Greece was shocked on Tuesday by yet another brutal femicide of a wife by her husband — this time in the city of Larissa in central Greece.
The murder took place on Tuesday morning at 10:30 AM local time in the village of Sotiritsa in Larissa.
According to the local website Onlarissa, a 54-year old man shot his wife multiple times. She was a mother of three. The woman was at her place of work, a restaurant owned by her brother near Larissa, at the time.
Reportedly, the cold-blooded murder took place in front of two other employees of the restaurant.
Her husband has been already arrested, but the motives of the crime are still to be determined.
Seven women murdered by their husbands in seven months in Greece
Seven women have been murdered by their husbands or boyfriends in a period of just seven months, in a series of crimes that continue to shock the country.
These brutal, disturbing crimes, which many argue should be called femicides, as they share common characteristics of violence against women, have highlighted the issue of domestic violence and abuse in the country.
The latest murder before the Larissa crime had taken place in the neighborhood of Dafni in Athens on Friday.
On the afternoon of July 30, a 40-year-old man willingly appeared at a police station in Athens to confess to the murder of his 31-year-old wife.
The police then entered the home, where they found the victim’s body. When asked why he committed the crime, the murderer simply stated that he was jealous.
Many Greek media have been reporting that jealousy was also the main motive of the Larissa crime; however, there is no official statement by the Greek police as of yet.
Despite his attempts to appear like a good family man toward the outside world, friends of the Dafni victim claimed that she had revealed that she was being abused by her husband before the murder.
Murder of Caroline Crouch shocked Greece
The issue of abuse came to the forefront of Greek society when 20-year-old Caroline Crouch was murdered next to her newborn baby by her 33-year-old husband Babis Anagnostopoulos in the Athenian suburb of Glyka Nera.
The murder shocked the public both in Greece and in Britain since the victim was a British national.
Violent crime is relatively rare in Greece, and killings of this type are not common. As time went on, and details emerged, the case became even more disturbing.
Anagnostopoulos, a helicopter pilot, confessed to killing his wife and staging the scene, which included killing the family dog and disabling security cameras, to make it seem as though strangers entered the home and murdered his young wife.

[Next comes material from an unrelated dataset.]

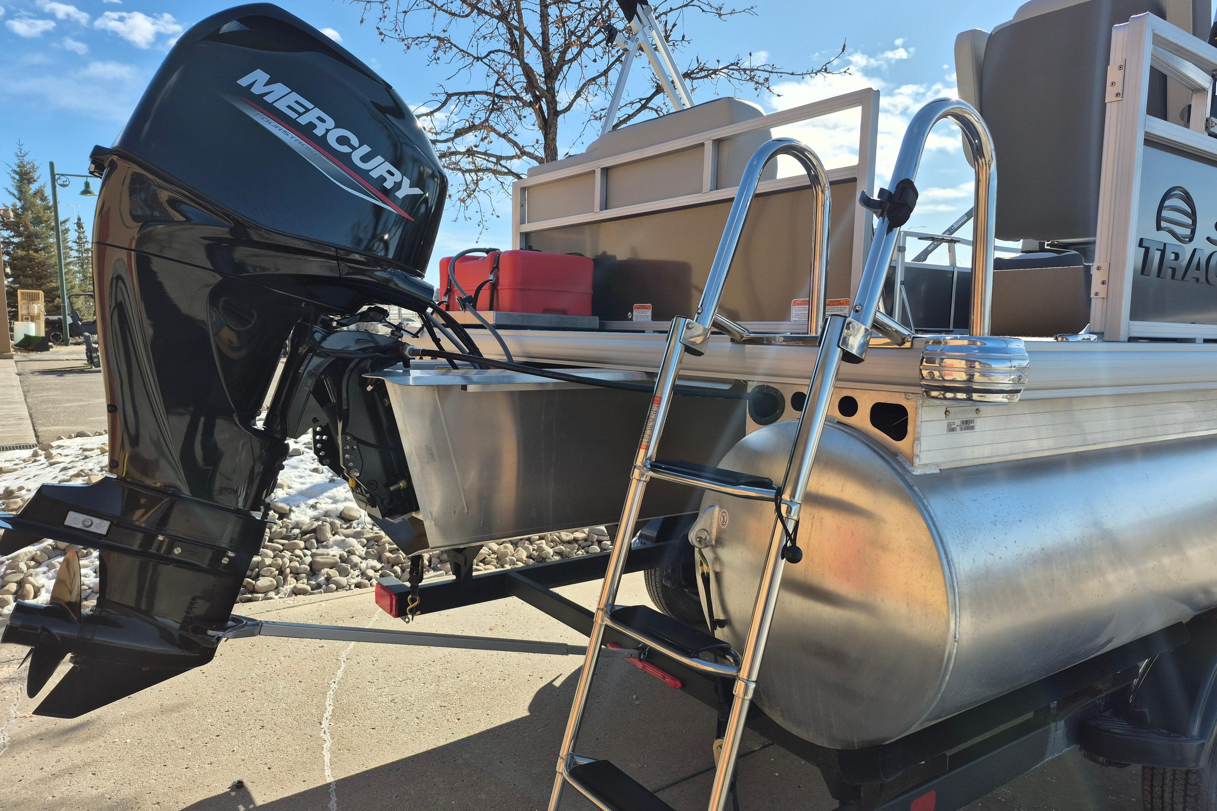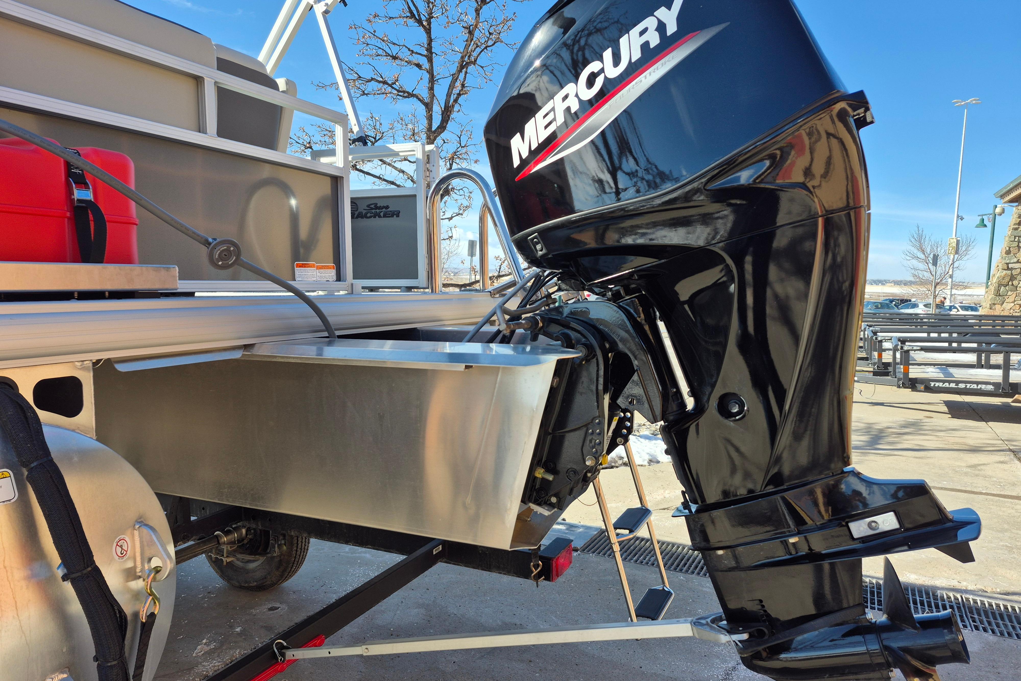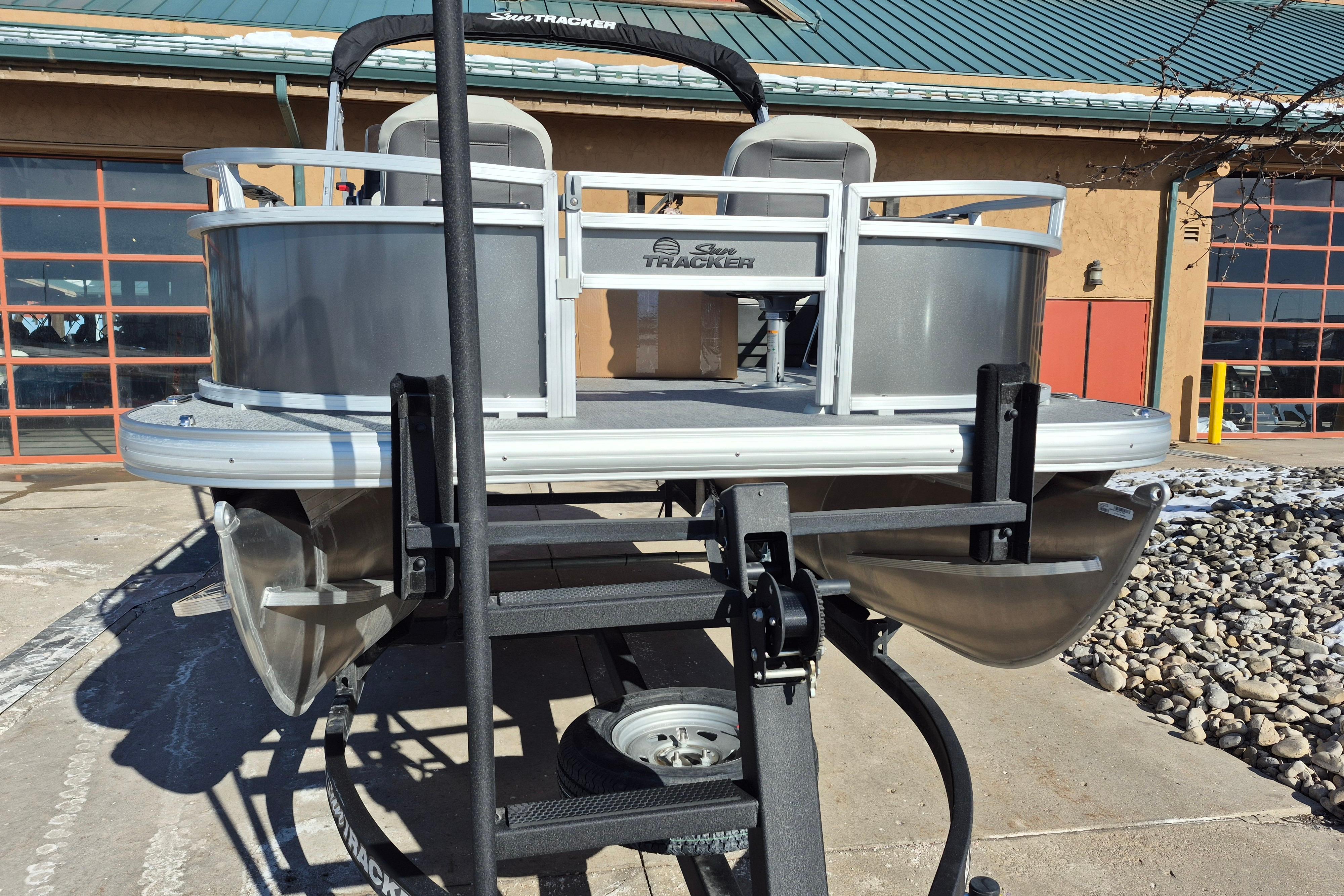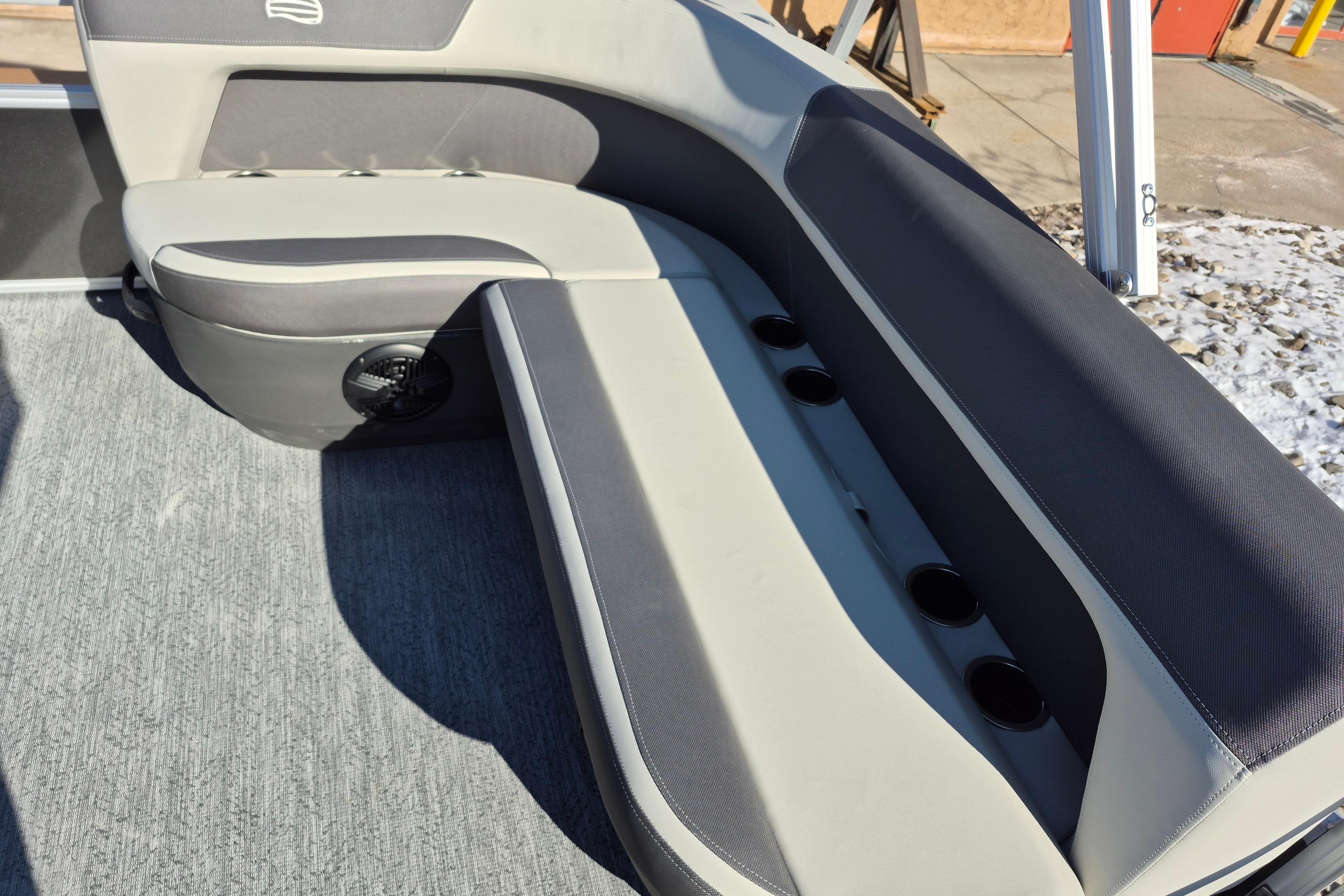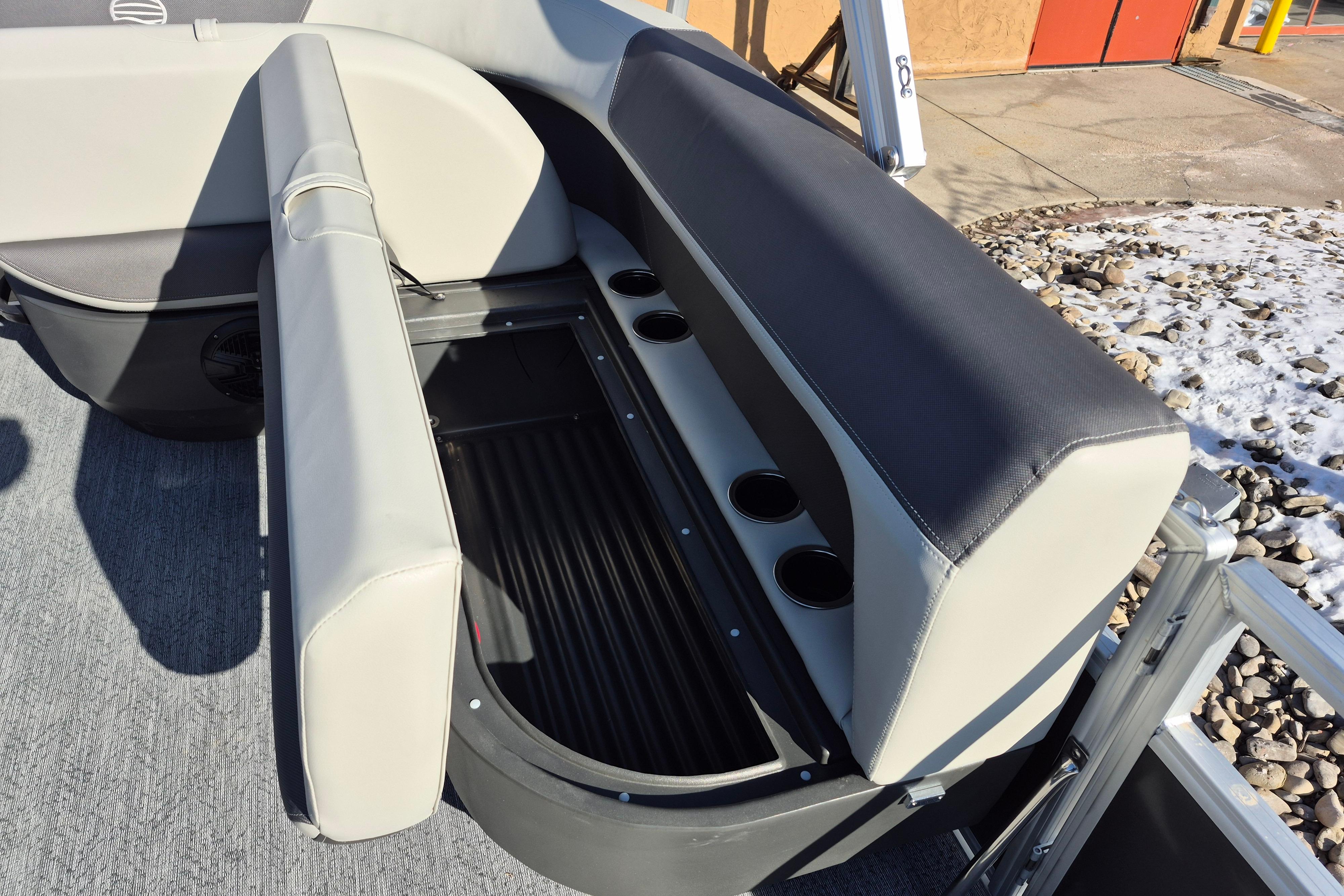 This seven-passenger fishing pontoon hits the water with new console and lounge designs. Get three extra cubic feet of storage thanks to clever backrest cut-outs. The redesign also adds a seat in front of the driver console, phone compartments, and four more cupholders. Cast from the shade of a standard 7' bimini top in one of the two folding fishing seats. Find your spot on the lake from the decked-out driver console, which comes with its own rod holder.

He blamed the crime on foreigners, stating that the intruders were speaking broken Greek and could have been Albanian, an ethnic group that is often the victim of discrimination in Greece.
After two months of professing his innocence and blaming a mysterious group of foreigners, Anagnostopoulos was arrested and confessed to the crime.
Additionally, questions of racism and discrimination emerged in Greece after many felt that Anagnostopoulos’ accusation that the intruders were foreigners was too easily believed.
At this time, feminists and victim’s rights advocates in Greece pushed the public to face this crime as femicide, or the murder of a woman because of her sex. They argued that Crouch’s womanhood enabled her murderer to see her as his possession, a possession he felt he could get rid of when it was convenient for him.
While the murder of the young mother at the hands of her husband was the crime that set off the discussion surrounding murdered women in Greece, it was not the first femicide in the country in the past seven months.